Article provided by NHS Choices
It's normal to feel attracted to both girls and boys when you're growing up. Find out about coming out, safer sex, and how to deal with bullying if it happens to you.
During puberty, you have lots of emotions and sexual feelings. It's normal for girls to think about girls in a sexual way, and for boys to think about boys in a sexual way.
Some people realise they prefer people of the opposite sex, while others feel they prefer people of the same sex. Some people realise they are gay, lesbian or bisexual at an early age, while others may not know until later in life.
Some young people may also be confused about their sexual identity. They may be asexual, where you're not interested in sex at all, or transsexual, where people believe there is a mismatch between their biological sex and identity as a boy or girl.
You don't choose your sexuality, it chooses you. Nobody knows what makes people gay, lesbian, bisexual or transsexual. Whatever your sexuality, you deserve to be with someone you love.
What if I'm gay, lesbian or bisexual?
It can help to talk to other people who are going through the same thing. Find out if there's a young men's or women's group in your area for lesbian, gay or bisexual people.
These groups might be advertised at GP surgeries, sexual health or contraceptive clinics, pharmacies, youth groups, local papers, or on the internet.
Should I tell anyone I think I'm gay, lesbian or bisexual?
This is up to you. Being gay, lesbian or bisexual is normal, but some people don't understand this. Telling people you're gay, lesbian or bisexual is known as coming out.
When you first come out, the most sensible option is to tell someone you trust, and who will be supportive and understanding.
If you're not sure how you feel about your sexuality, there's no hurry to make your mind up or tell people.
Coming out is an individual decision, and it's important to do it in your own way and in your own time.
You can find out more at Stonewall: coming out as a young person.
What about sex if I'm gay, lesbian or bisexual?
We all have the same feelings and anxieties about sex.
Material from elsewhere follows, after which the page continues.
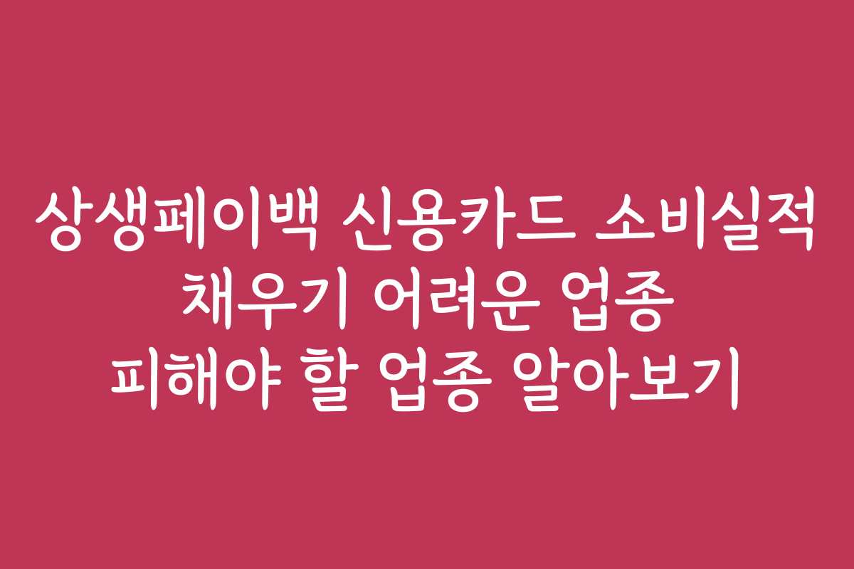 상생페이백 신용카드는 사용자가 소비를 통해 페이백을 받을 수 있도록 설계된 카드입니다. 이 카드를 충분히 활용하기 위해서는 특정 업종에서 소비 실적을 잘 쌓는 것이 중요합니다. 그러나 모든 업종이 실적을 쉽게 채울 수 있는 것은 아니므로, 어떤 업종을 피해야 할지를 아는 것이 필요합니다. 다음 섹션에서는 소비 실적을 채우기 어려운 업종에 대해서 알아보겠습니다.

Deciding when you're ready to have sex is a big step, whatever your sexuality and whoever your potential partner might be.
Everyone is ready at different times, but don't have sex just because your mates or your boyfriend or girlfriend are pressuring you. Find out about dealing with peer pressure and why it's OK to say no.
You can also read Are you ready for sex? to find out 10 things to ask yourself if you're thinking about having sex.
If you think the time is right, talk to your partner about needing to use contraception, having safer sex, picking the right time, and how you would both like the experience to be.
STIs with someone of the same sex
If you're having sex with someone of the same sex, there's no risk of pregnancy, but sexually transmitted infections (STIs) can pass from girls to girls and boys to boys, as well as between girls and boys.
If you're using sex toys, cover them with a condom and use a new condom every time - condoms should only be used once. Boys should always wear a condom if they have oral or anal sex.
Make sure you know about all the methods of contraception, whether you have sex with males or females, in case you also have straight sex. It's better to be prepared with contraception than to put yourself at risk. Always use condoms to prevent STIs.
How to get free condoms
You can get free condoms from a sexual health, community contraceptive or young persons' clinic and some GPs, even if you're under 16. Find your nearest clinic.
You can also buy condoms from pharmacies and supermarkets. Remember, only use condoms with the CE mark or the BSI kite mark. This means they've been tested to high safety standards. Condoms without the CE mark or BSI kite mark aren't safe, so don't use them.
How to cope if you're bullied for being gay
Some people don't understand that being gay, lesbian or bisexual is normal. Nobody has the right to tell someone else how to live their life or pick on them because of who they're attracted to.
If someone bullies you because you're gay, lesbian or bisexual, it's their problem, not yours, and they shouldn't get away with it. This is called homophobic bullying.
Bullying can take many forms, including stares, looks, whispers, threats and violence. If you're being bullied because you're gay, lesbian or bisexual, tell someone you trust. This could be a teacher, friend, your parents, or a helpline.
Schools have a legal duty to ensure homophobic bullying is dealt with. Read about where to find help if you've been bullied for advice.
You'll find information about talking to teachers and parents, and the contact details of anti-bullying organisations and helplines. Talking to someone who is understanding will always help if you have worries or questions as you'll feel supported and more confident.
You can find out more about dealing with homophobic bullying on these websites:
EACH: Educational Action Challenging Homophobia
This is a charity for young people and adults affected by homophobia. It has a helpline for young people, parents or teachers who want to report homophobic bullying. Call the EACH actionline on 0808 1000 143 on weekdays, 9am to 5pm. Calls are free from landlines and most mobiles.
Stonewall: Education for All
Stonewall is a charity that campaigns for equal rights for lesbians, gay men and bisexual people. Its Education for All campaign tackles homophobia and homophobic bullying in schools across the UK. You can find case studies, facts and figures about homophobic bullying in schools, and advice for young people and teachers on the charity's website.